In Menory of John Lupton - 17/04/23

Part one of a series about a microcosm of lives in London and Birmingham in the late 1970’s.

It was a Saturday morning in June and later that night David Bowie was playing the Earls Court Arena on his 1978 Isolar II World Tour. My shcool friends and I were determined to see him. We bunked onto a succession of smoke filled, cigarette-strewn London underground carriages arriving at Earls Court. After crossing the road from the station to the arena we joined what was already a restless queue waiting to buy tickets for the performance. Not to be put off, we set up camp; singing songs, smoking and laughing with the other assorted young hopefuls.
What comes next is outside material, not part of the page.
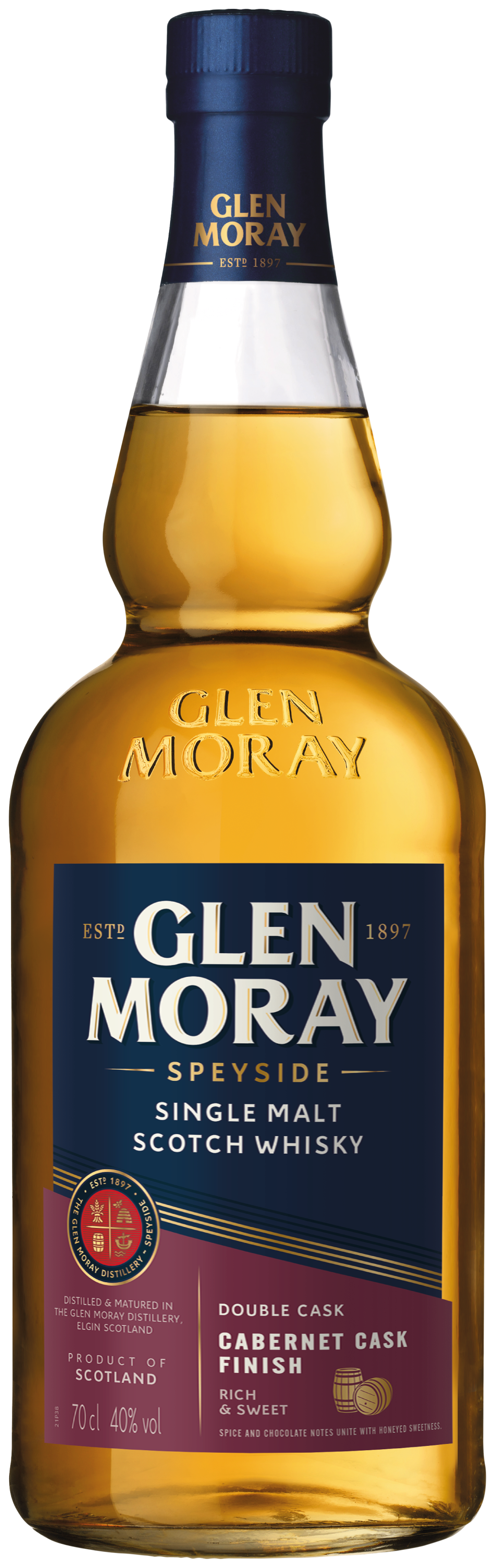 Im Herzen der Speyside destilliert Glen Moray seit mehr als 125 Jahren feinsten Single Malt. Im Glen Moray Cabernet Cask vereinen sich reichhaltige, dunkle Schokolade, intensive Gewürz- und Eichennoten mit dem typisch ausgewogenen Stil von Glen Mory.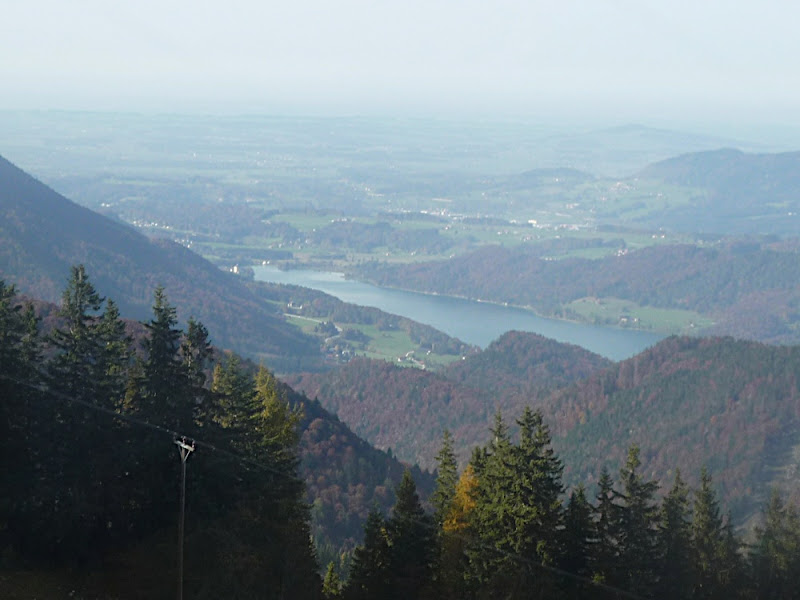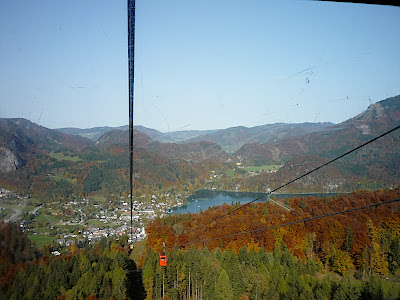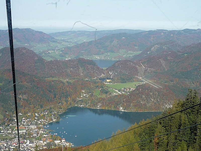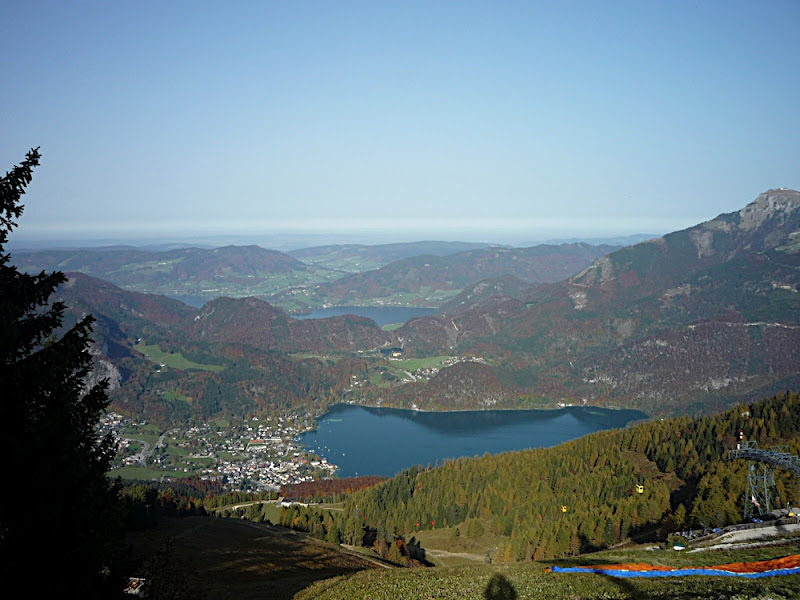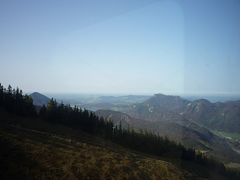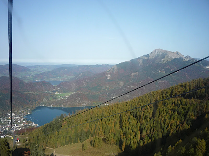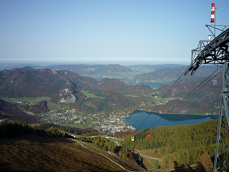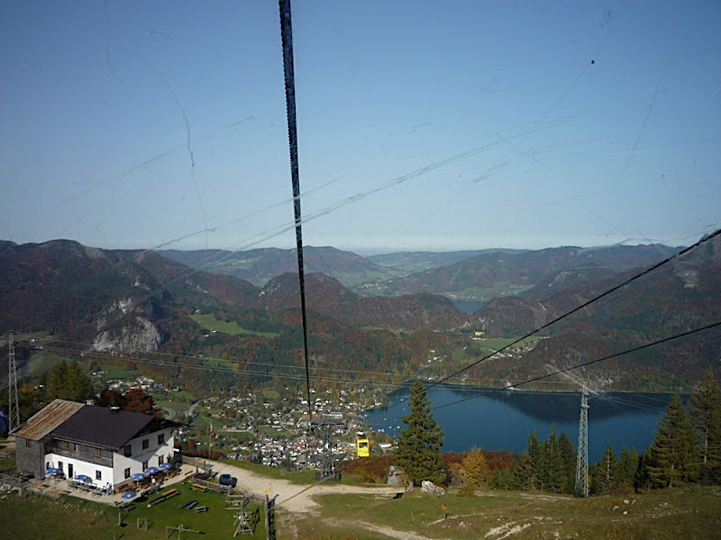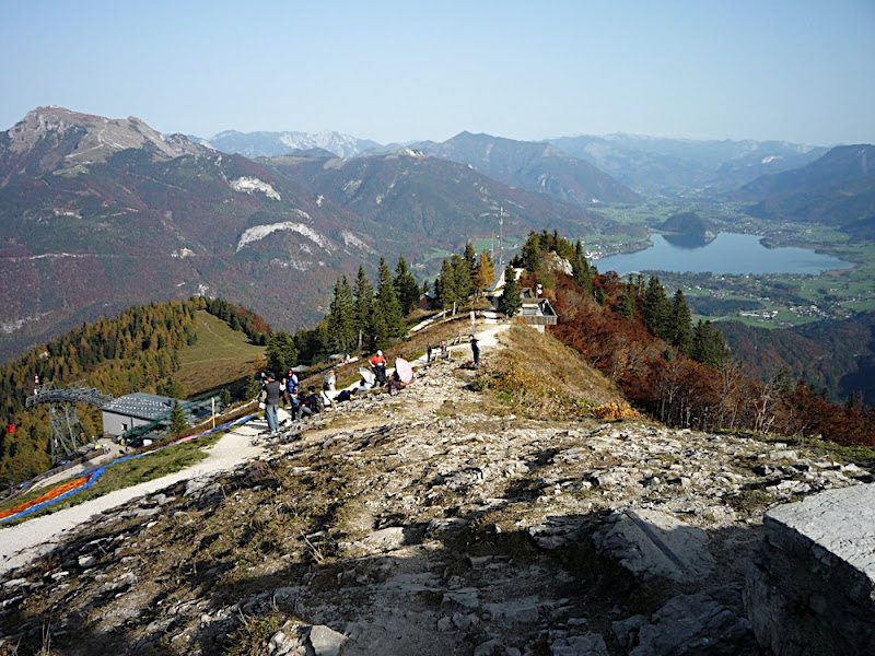 站在上面,放眼望向四周,天公做美,有藍藍的天、藍藍的湖水、一大片秋紅深綠夾雜的森林、連綿的山脈,太陽很大卻不熱,這裡就是奧地利有名的湖區景色。看看時間,也差不多該離開了,錯過了最後一班車就『走』下山吧!

I was sitting cross-legged on my sturdy leather-patched donkey jacket to contemplate the wait when a tall, stunningly handsome man with dark floppy hair and electric blue eyes walked over and sat close to me. “Can I make you up?” he asked. To my amazement it was almost impossible to understand what he was saying. “Can you say that again?” I replied, somewhat surprised. Firstly, I could not believe that this beautiful man was talking to me, and secondly that his thick Birmingham accent did not compute with the visuals. “Can I make you up? I want to make your face up,” he repeated slowly. “I’m an artist.” He petitioned me with a dazzling smile. Pulling over a large overnight bag he started unpacking eyeliners and eyeshadows, chunky and fine brushes, lipsticks, pan sticks and powder puffs.

At the sight of all the shimmering colours I began to seriously consider his offer. He was the first artist that I had seen that looked like that! Up until then, I had only met secondary school art teachers with alcohol and personal hygiene problems. His Birmingham accent was triggering memories of the puppet characters on a Central TV show called Pipkins which I childishly made references to by trying to role-play all of the animal characters to avoid acquiesce. Although we both laughed at my delaying tactic, his desire was not distracted. Finally, giving in, I said, “Ok, make me up!”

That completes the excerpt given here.